Cordero underwent Tommy John surgery on March 18, 2021. The surgery was performed by Dr. James Andrews. Cordero missed the entire 2021 season recovering from the surgery; he was placed on the 60-day injured list on March 21. On November 5, Cordero was outrighted off of the 40-man roster and elected free agency.

=== New York Yankees ===
On December 16, 2021, Cordero signed a minor league deal with the New York Yankees. He had a 2.09 ERA in 38 2/3 innings for the Scranton/Wilkes-Barre RailRiders in 2022. On November 10, 2022, the Yankees added Cordero to their 40-man roster.

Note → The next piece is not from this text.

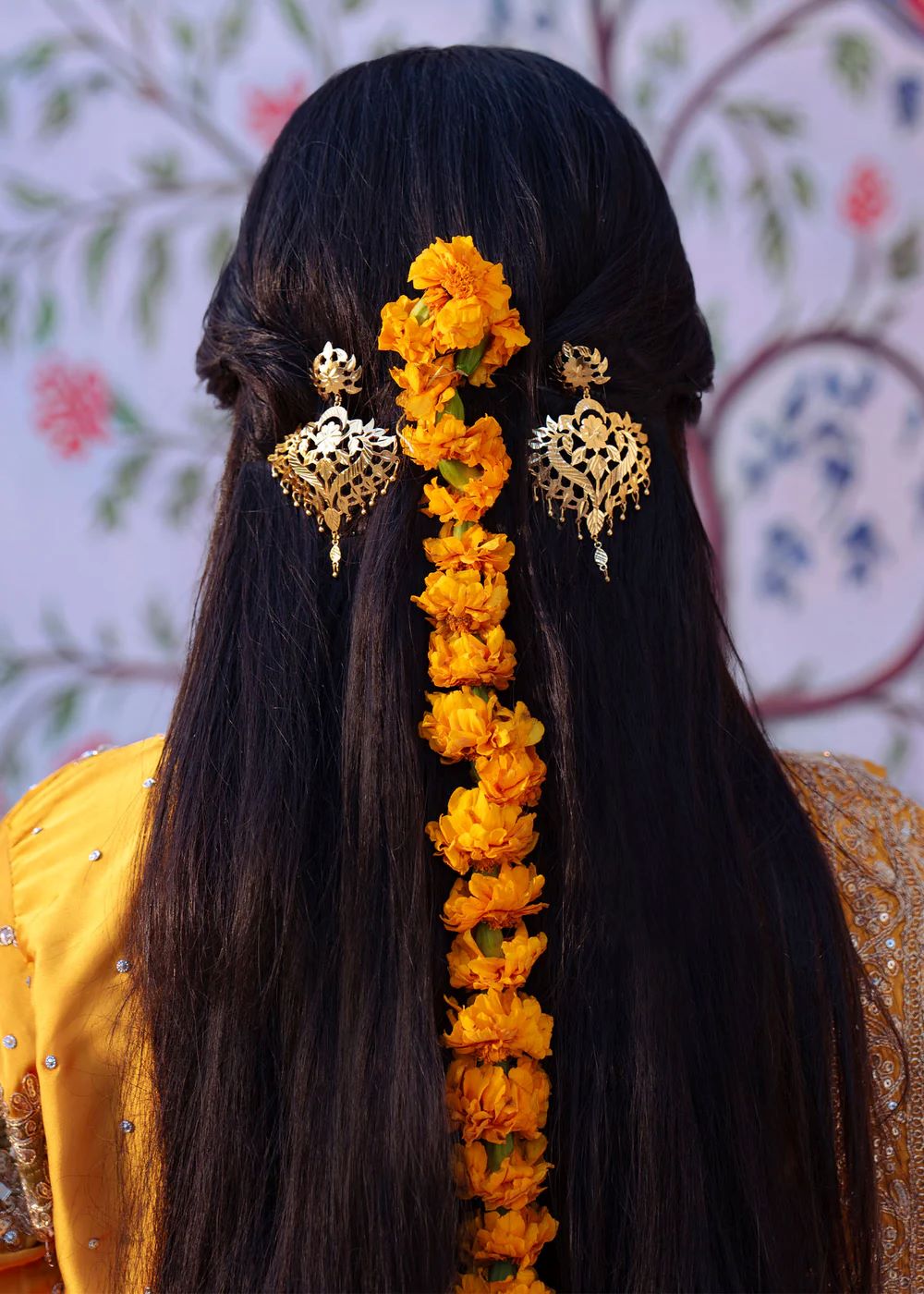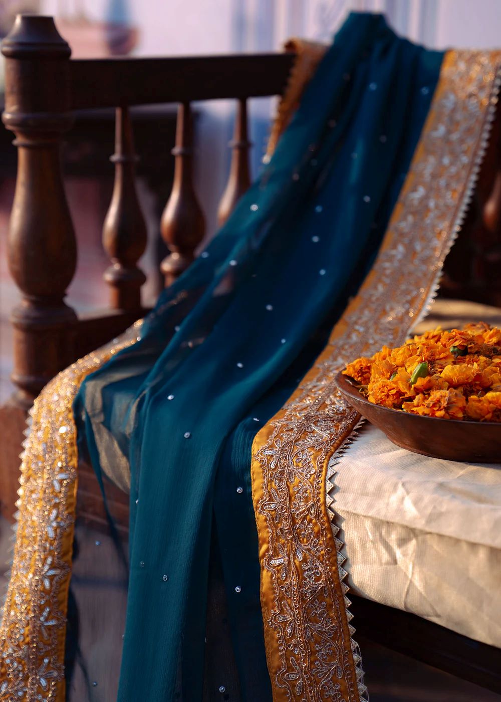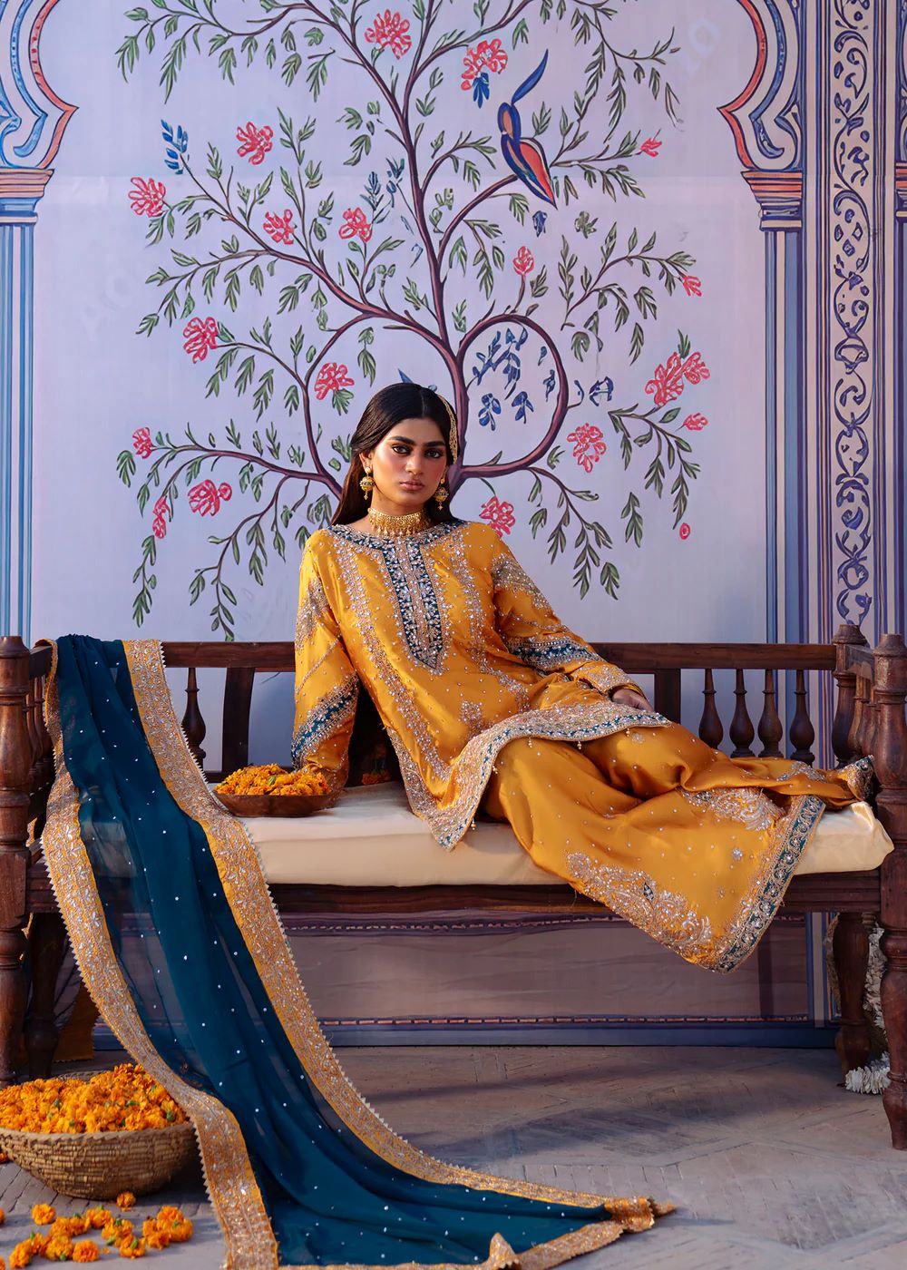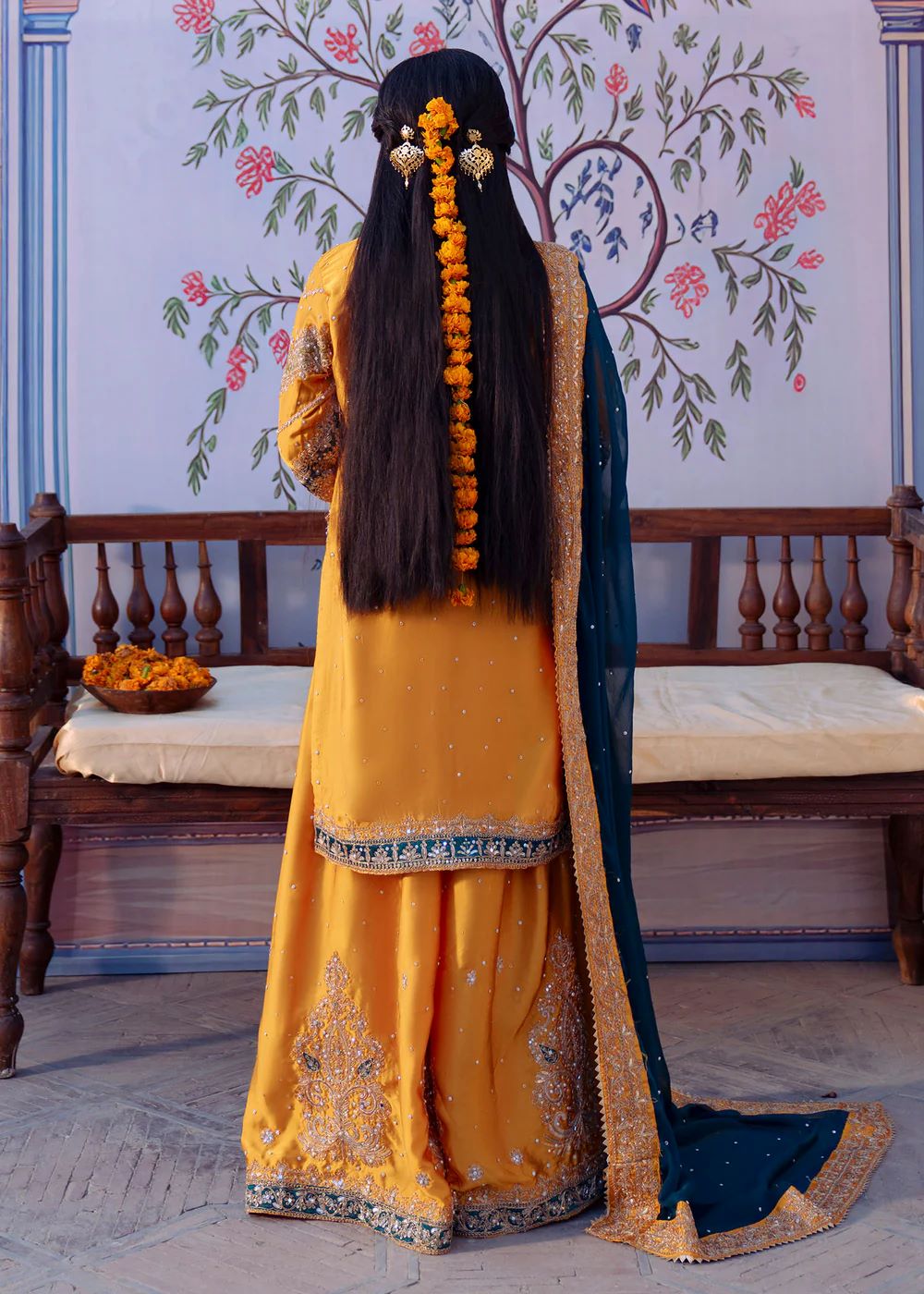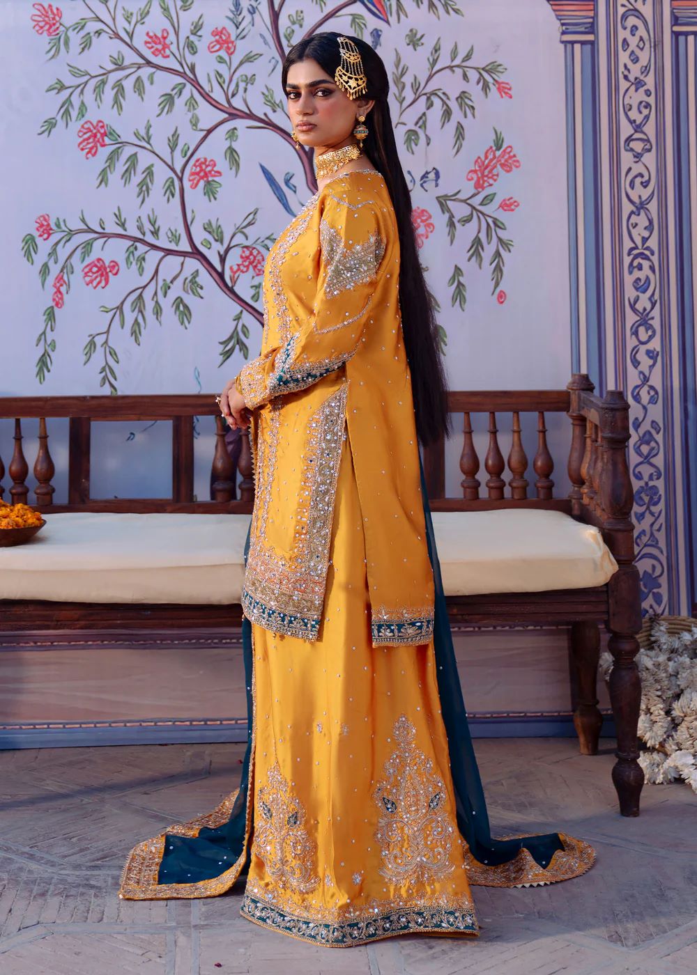 Mehrāb stands out in a vibrant marigold palette accented with deep teal embroidery inspired by traditional court murals. The heavily worked kameez is balanced with a contrasting dupatta that frames the silhouette beautifully. This design embodies festive grandeur and ceremonial splendor, ideal for statement occasions.

Cordero made the Yankees' Opening Day roster for the 2023 season. On July 5, MLB suspended Cordero for the remainder of the season for violating the league's policy against domestic violence. In 31 appearances for the Yankees, he posted a 3.86 ERA with 34 strikeouts across 32 2/3 innings of work. Following the season on November 2, Cordero was removed from the 40–man roster and sent outright to Triple–A Scranton. He elected free agency on November 6.

===Chiba Lotte Marines===
On December 6, 2023, Cordero signed with the Chiba Lotte Marines of Nippon Professional Baseball. He made 5 appearances for Lotte in 2024, struggling to an 0–1 record and 7.20 ERA with one strikeout across five innings of work. Cordero became a free agent following the season.

===Toros de Tijuana===
On March 13, 2025, Cordero signed with the Toros de Tijuana of the Mexican League. In 20 appearances for Tijuana, Cordero posted a 2–2 record and 4.00 ERA with 15 strikeouts and six saves over 18 innings of work.

===Caliente de Durango===
On June 2, 2025, Cordero was traded to the Caliente de Durango of the Mexican League in exchange for Tyler Duffey. In 12 appearances for Durango, Cordero logged a 2–0 record and 9.00 ERA with 14 strikeouts over 12 innings of relief.

===Olmecas de Tabasco===
On July 2, 2025, Cordero was traded to the Olmecas de Tabasco of the Mexican League in exchange for Rubén Tejada. In 12 games 12 innings of relief he went 0–0 with a 2.25 ERA and 7 strikeouts.

==Pitching style==
Cordero is known for a fastball that sits in the high 90s, can hit 100 mph, and has been clocked as fast as 104 mph. He also throws a slider and an occasional curveball. Throughout his career, scouts have noted Cordero's struggles to command his power pitches.